M. A.: Le travail de préparation consiste en cela. C’est très clair lors de la lecture du scénario. Arnaud et Charlotte m’ont rapidement fait comprendre qu’on était dans un moment très tendu de cette femme, et ce, dès le début du film et qui va en progression tout au long. Forcément, cela nécessite, pour chaque seconde de tournage, une charge émotionnelle très forte. Le travail de préparation solitaire sert à accumuler des ingrédients qui permettent d’accumuler de la charge émotionnelle : personnaliser cette situation, sentir là où il faut ajuster pour que cela résonne chez l’actrice que je suis. Je ne suis pas Alice, mais par contre, je suis mère donc je vois les parallèles que je peux faire. Après ce travail de personnalisation, j’ai fait un travail imaginaire pour fabriquer un background important et un background par rapport à chaque intervenant dans l’histoire pour avoir un rapport avec eux, avoir une façon de les regarder ou non, de les écouter ou non, de se tenir physiquement face à eux afin de permettre tout cela, car tout cela raconte quelque chose. En mélangeant ces ingrédients, on prépare une sorte de soupe bouillonnante tout à fait particulière dans laquelle on se jette le jour du tournage.
C.: On en sort comment ?
M. A.: On en sort à la fois fatigués parce que les émotions c’est éprouvant, mais libérés aussi. On fait monter tout cela pendant la préparation, ça monte, ça monte et on peut laisser sortir tout cela pendant le tournage.
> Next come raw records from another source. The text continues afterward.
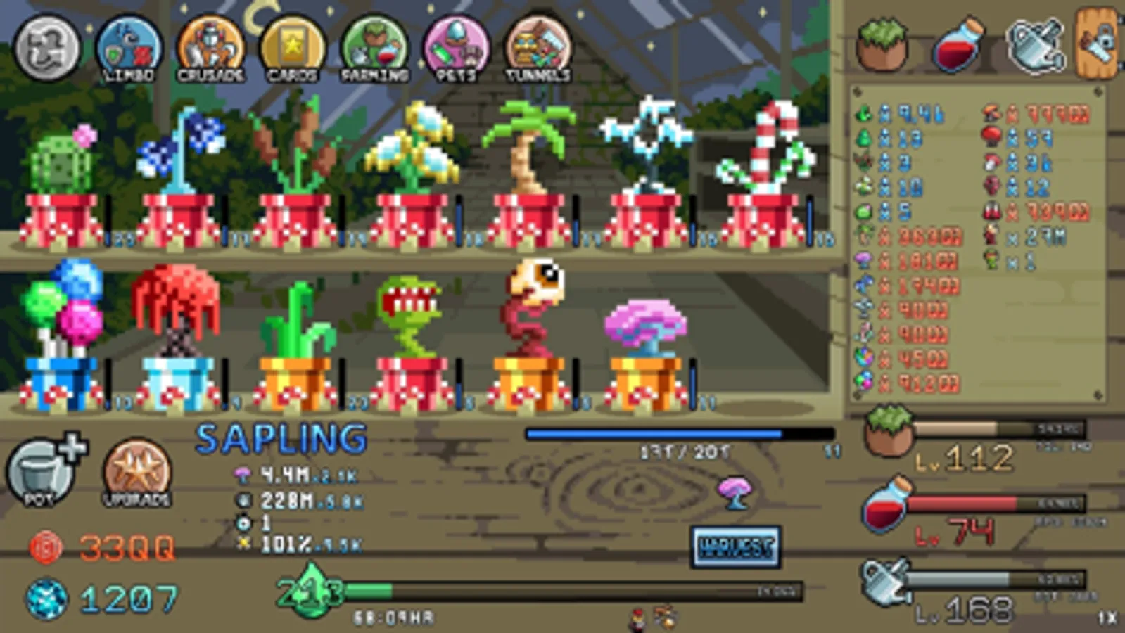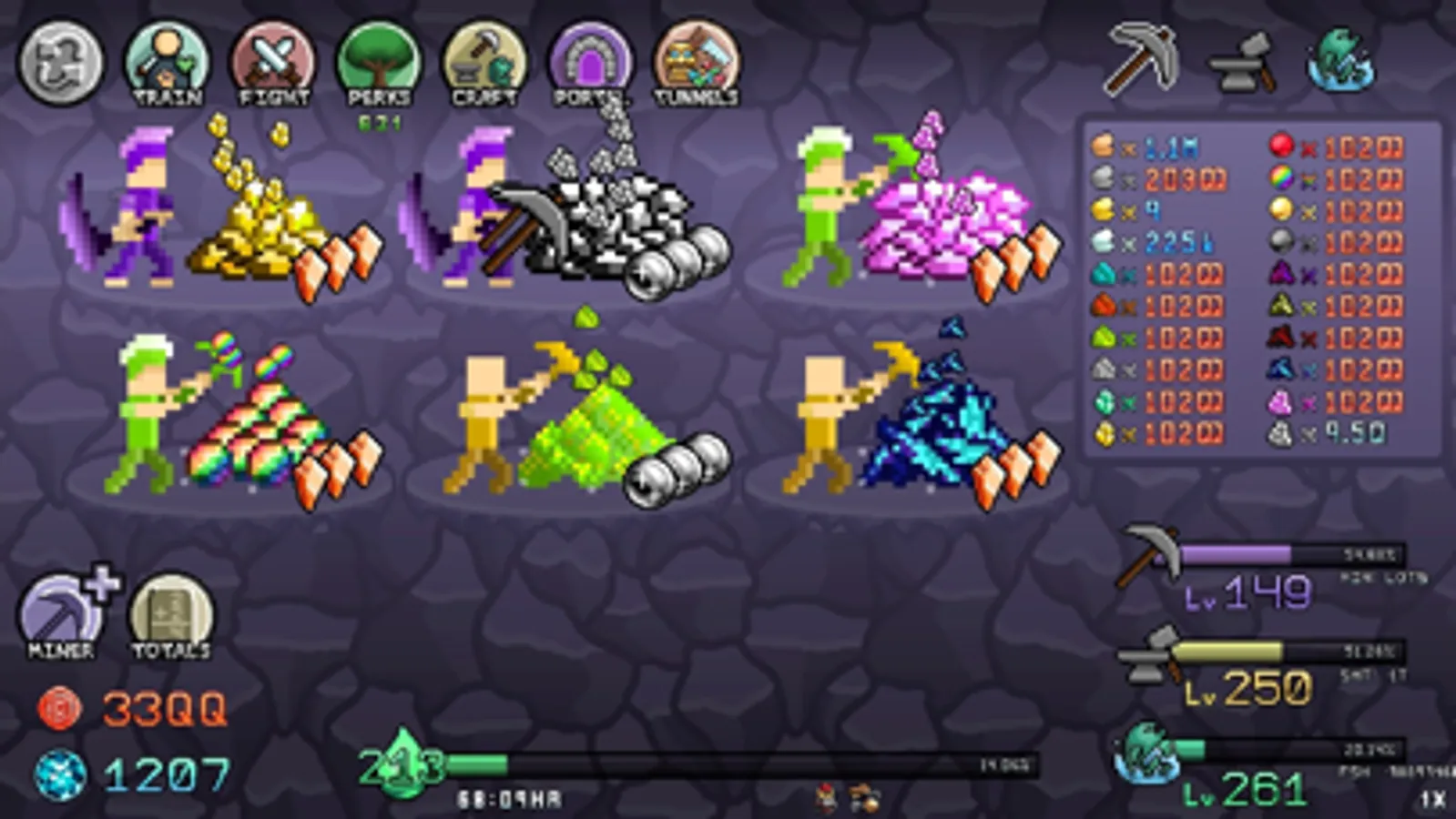 Idle Skilling has mining, fishing, crafting, pet breeding, pet battling, lab research, soul farming, regular farming, flower growing, potion making, relic upgrading...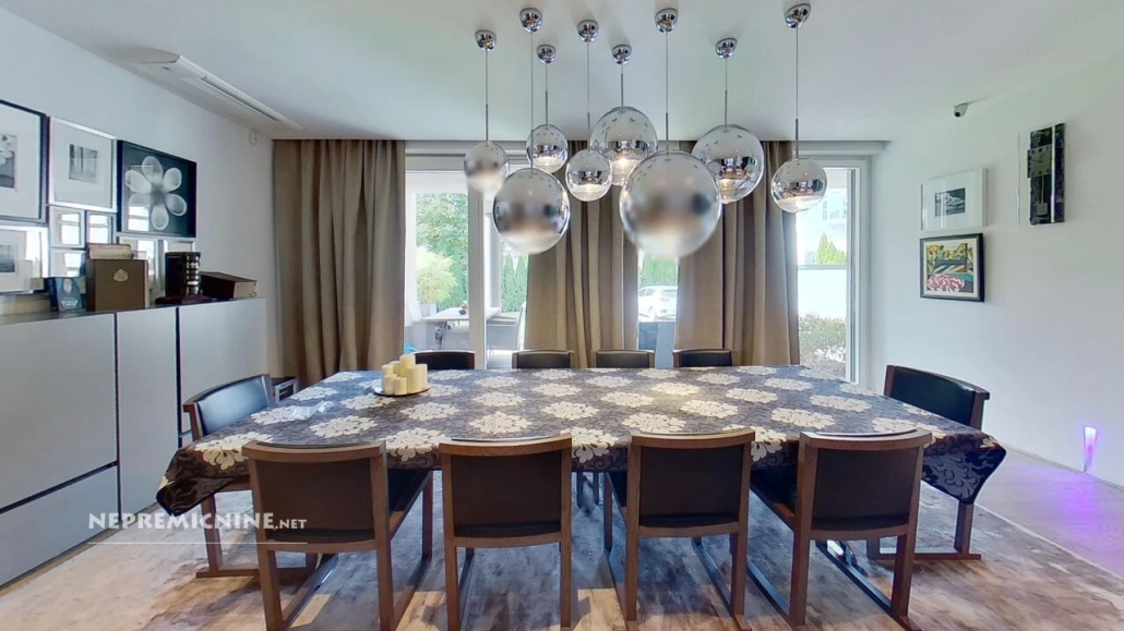 Ontdek dit uitzonderlijk moderne en kwalitatief hoogstaande vrijstaande huis in Ljubljana Moste, gelegen op een rustige en verkeersvrije straat. Met een indrukwekkend ontwerp en doordachte indeling biedt deze woning alles wat u nodig heeft voor een comfortabel leven. De woning beschikt over een ruime boerderijkamer met open haard, ideaal voor bijeenkomsten, een luxe keuken met eetkamer en een grote woonkamer met open haard. Geniet van de Turkse sauna, jacuzzi en wintertuin. De bovenverdieping biedt mogelijkheden voor twee volledig gescheiden tweekamerappartementen, perfect voor meer generatiewonen of gasten. De omgeving is privé en deels groen, met voldoende parkeergelegenheid en beveiliging door videobewaking en alarmsysteem. Nabij alle voorzieningen zoals scholen, recreatiegebieden en openbaar vervoer. Mis deze unieke kans niet om te wonen in een huis dat alles op één plek biedt.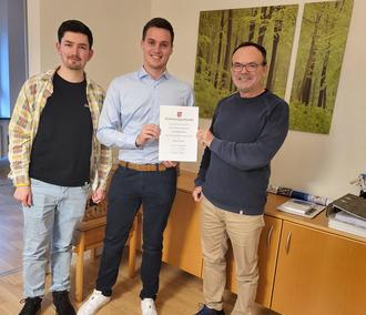 v.l. Jona Steuer, Personalabteilung, Tobias Ewerhardy und Bürgermeister Helmut Harth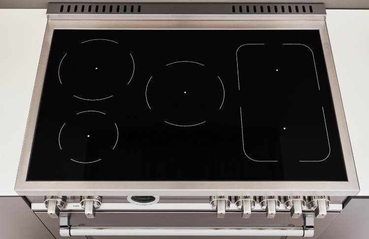 This all-new induction range has 5 high-power heating zones with maximum power output of 3700W. The right-side heating zones can be bridged to create a larger cooking area. Each induction area is controlled with knobs and has a convenient read-out interface on the glass worktop.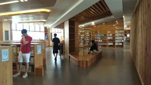 其內部空間規劃為地上四層、地下兩層,一樓右側是社區活動中心,左側為圖書館的閱報區、網路資訊區及服務櫃檯,二樓為期刊區及兒童室,三樓是書庫、參考室及地方文獻室,四樓為閱覽室及多功能教室,有265個座位,供民眾自修使用,總計1940坪。
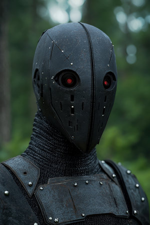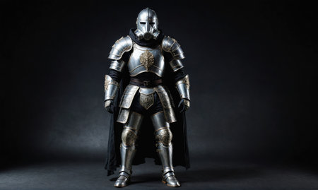 Medieval Knight in Full Metal Armor with Chainmail on a Dark Background.

C.: Comment s’est passée la relation avec l’enfant?
M. A.: Très doucement, avec beaucoup de bienveillance. Il faut d’abord gagner sa confiance, il doit se sentir safe dans cet environnement pour qu’il puisse donner de lui-même et lâcher prise, se mettre à nu. Arnaud et Charlotte ont fabriqué un contexte qui permettait ça. J’étais là dès les essais pour la première rencontre. Avec Ulysse, on a fait des impros ludiques qui faisaient référence aux différentes situations traversées par cette mère et ce fils à différents moments de l’histoire. Il a fallu aussi travailler le physique, notamment pour la première scène.